A review of the community college irradiance data, however, shows that NOC occurred for a total of 1,306 minutes or just 0.5% of the total daylight time during the year. This is an improvement over the 12 minutes at STC, but it’s still not a meaningful percentage of actual operating time.
Voltage drops
Voltage drop design criteria varies from project to project, with a common criterion of 2%. We have seen criteria as low as 0.5% for DC, which drives the design to no. 8 copper string wires and large copper combiner box output conductors.
For string inverters that have multiple string inputs, the standard voltage drops criteria and resulting loss calculations are realistic. When combiner boxes provide a single input to either a string inverter that has a single MPPT or to a central inverter with a recombiner, it is not so realistic.
Each combiner box is a single electrical node and can only have one voltage — those varying string voltages must average out to a single voltage because electrically they don’t have a choice. For those PV Owners who have rigid voltage drop criteria, a worst-case string voltage drop can drive an increased design cable size when to a voltage criterion that doesn’t exist.
In many cases, NEC requirements take extra precautions to prevent fires. Those extra precautions cost extra to implement, but there was a change in the 2017 NEC that allows engineering analysis to determine the maximum three-hour current for arrays over 100 kW. We have applied this to several of our clients, and it has saved them at least one cable size for portions of the array.

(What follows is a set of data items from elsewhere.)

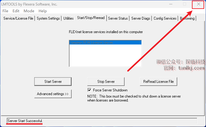 提示:Server Start Successful之后,点击右上角【X】关闭程序。
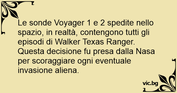 Le sonde Voyager 1 e 2 spedite nello spazio, in realtà, contengono tutti gli episodi di Walker Texas Ranger. Questa decisione fu presa dalla Nasa per scoraggiare ogni eventuale invasione aliena.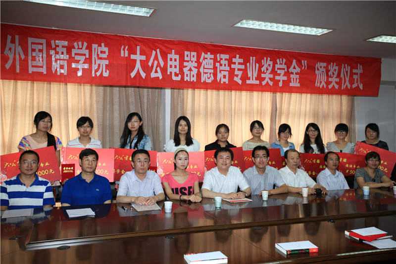 6月21日上午黑料 隆重举行首届“大公电器德语专业奖学金”颁奖及双方合作签约仪式。济南大公电器总裁王栋先生、黑料 院长李毅教授、党总支书记刘蔚涛、党总支副书记崔东峰、副院长丁兆国及黑料 德语专业部分师生出席仪式。仪式由外语学院德语专业负责人吴明奇老师主持。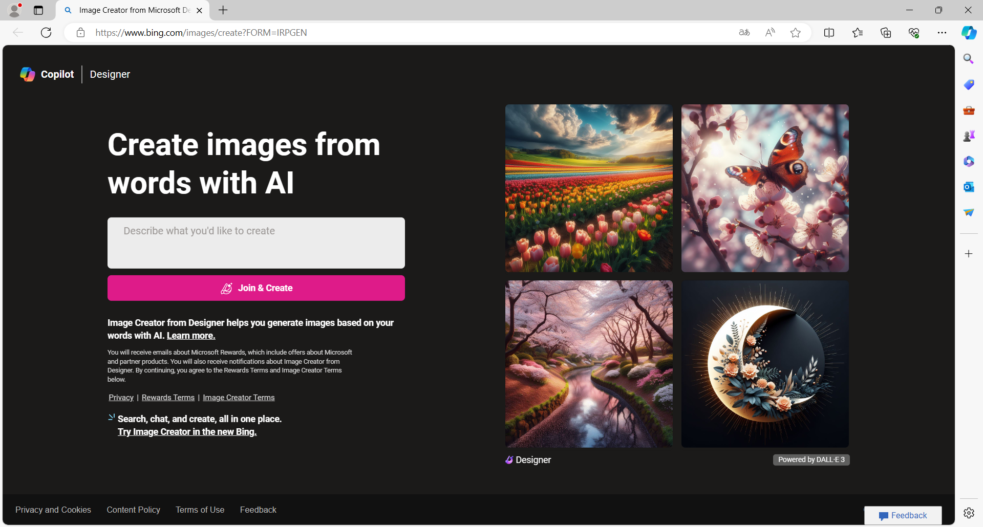 ※ Image Creator는 DALL·E 3을(를) 사용하여 사용자가 AI 이미지를 생성할 수 있도록 도와주는 제품입니다. 텍스트 프롬프트가 제공되면 AI는 해당 프롬프트와 일치하는 이미지 집합을 생성합니다.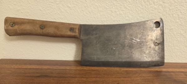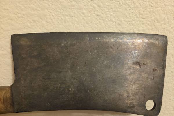 This is an antique Village Blacksmith Lexington #208 meat cleaver knife. It is in excellent used condition.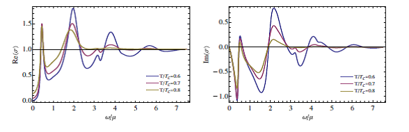 以上两图分别给出了不同温度下全息电荷密度波电导率的实部和虚部。实部中第一个峰代表了集体钉扎模式,第二个峰为单粒子有隙激发。其直流电导随温度降低而减小,实现了金属到绝缘体的相变。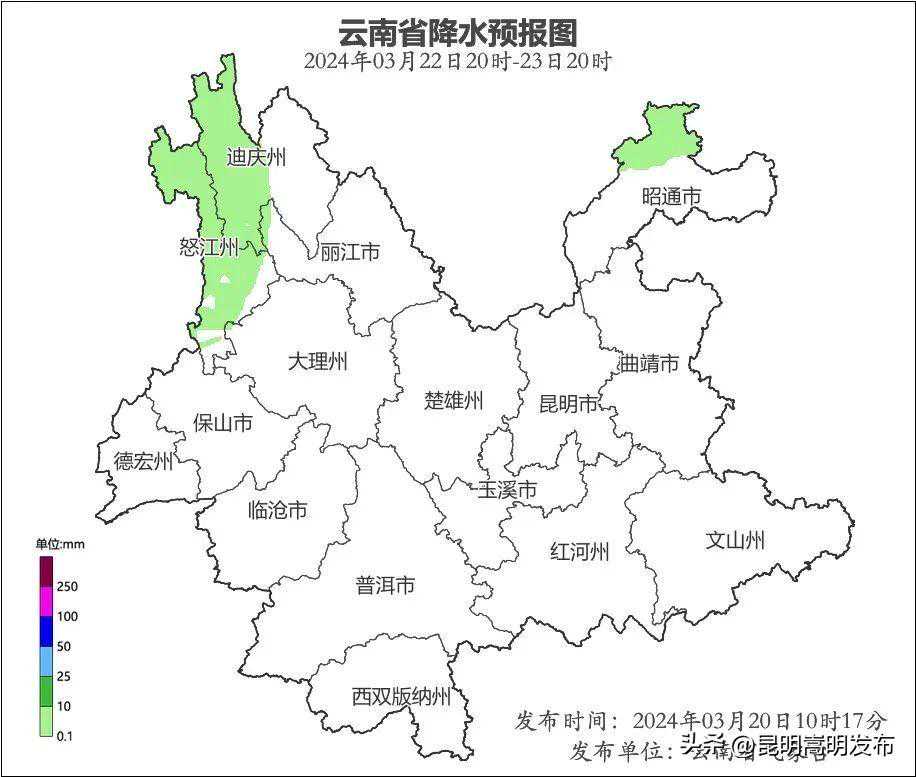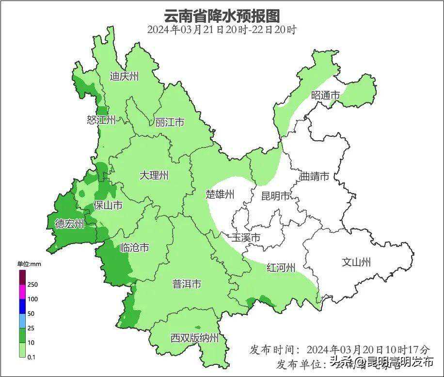 预计3月20日20时-3月21日20时:丽江市、大理州、保山市、德宏州、临沧市、普洱市、西双版纳州、楚雄州、昆明市、玉溪市、昭通市南部、曲靖市、红河州中部和北部、文山州北部3级,其他地区1~2级。
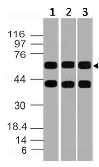 Fig-1: Western blot analysis of SODD/BAG4. Anti- SODD/BAG4 antibody (20-1116) was used with 1:1000 dilution on (1) THP1, (2) Jurkat and (3) HepG2 lysates.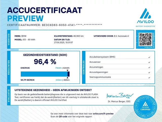 Rijklaarprijs incl. BTW. BMW iX3 High Executive in Phytonicblau metallic in combinatie met Leder ‘Vernasca’ Cognac. Zeer compleet uitgevoerd, BMW dealeronderhouden. Aviloo accuconditie (SoH): 96,4%. Actieradius (WLTP): 460 km. Uitrusting / BMW configuratie. C1M  -  Phytonicblau metallic lak. 7EZ  -  BMW High Executive. MAPQ  -  Leder ‘Vernasca’ Cognac met decoratief stiksel. 1VE  -  20 inch lichtmetalen wielen met aerodynamisch design (styling 843) in Bicolor Jet Black. 223  -  Adaptief onderstel. 322  -  Comfort Access. 3KA  -  Geluidsdempende zijruiten in de voorportieren. 481  -  Sportstoelen voor. 459  -  Elektrisch verstelbare voorstoelen.     incl. bestuurdersstoel met geheugen voor 2 posities. 488  -  Elektrisch verstelbare lendensteunen op voorstoelen. 4V1  -  BMW IconicSounds Electric. 552  -  Adaptieve LED koplampen. 5AU  -  Driving Assistant Profession.     Active Cruise Control.     Steering and Lane Control Assistant.     Lane Departure Warning.     Lane Change Warning...

This method to reducing the 1.56 factor isn’t used frequently, because an AHJ hasn’t adopted the 2017 NEC code,Then there is the “need-it-now” factor for many projects, which precludes the extra time for engineering analysis, and doing a traditional NEC design can be completed within the rushed timeline.
When copper prices were low, it did not matter very much monetarily to the project, but it’s a different story today. A system over 100 kW needs to avoid the 1.56 factor whenever possible.
Depending a PV array’s DC/AC ratio and geographic location, the peak inverter output may not be present for three continuous hours, or with a high DC/AC ratio on single-axis trackers with bifacial modules and string optimizers, it could be present for 10 hours or more.
The bottom line is that you need to understand the anticipated year-long variations in the behavior of your PV system and take advantage of allowed engineering cost reductions wherever you can; and don’t double-up on worst-case factors that are not going to occur concurrently. If you have any questions about PV cable sizing, voltage drop, or otherwise, get in touch with one of our engineering experts today. Also, stay tuned for part three of our PV cable sizing series, where we will include more insights on reducing cable costs.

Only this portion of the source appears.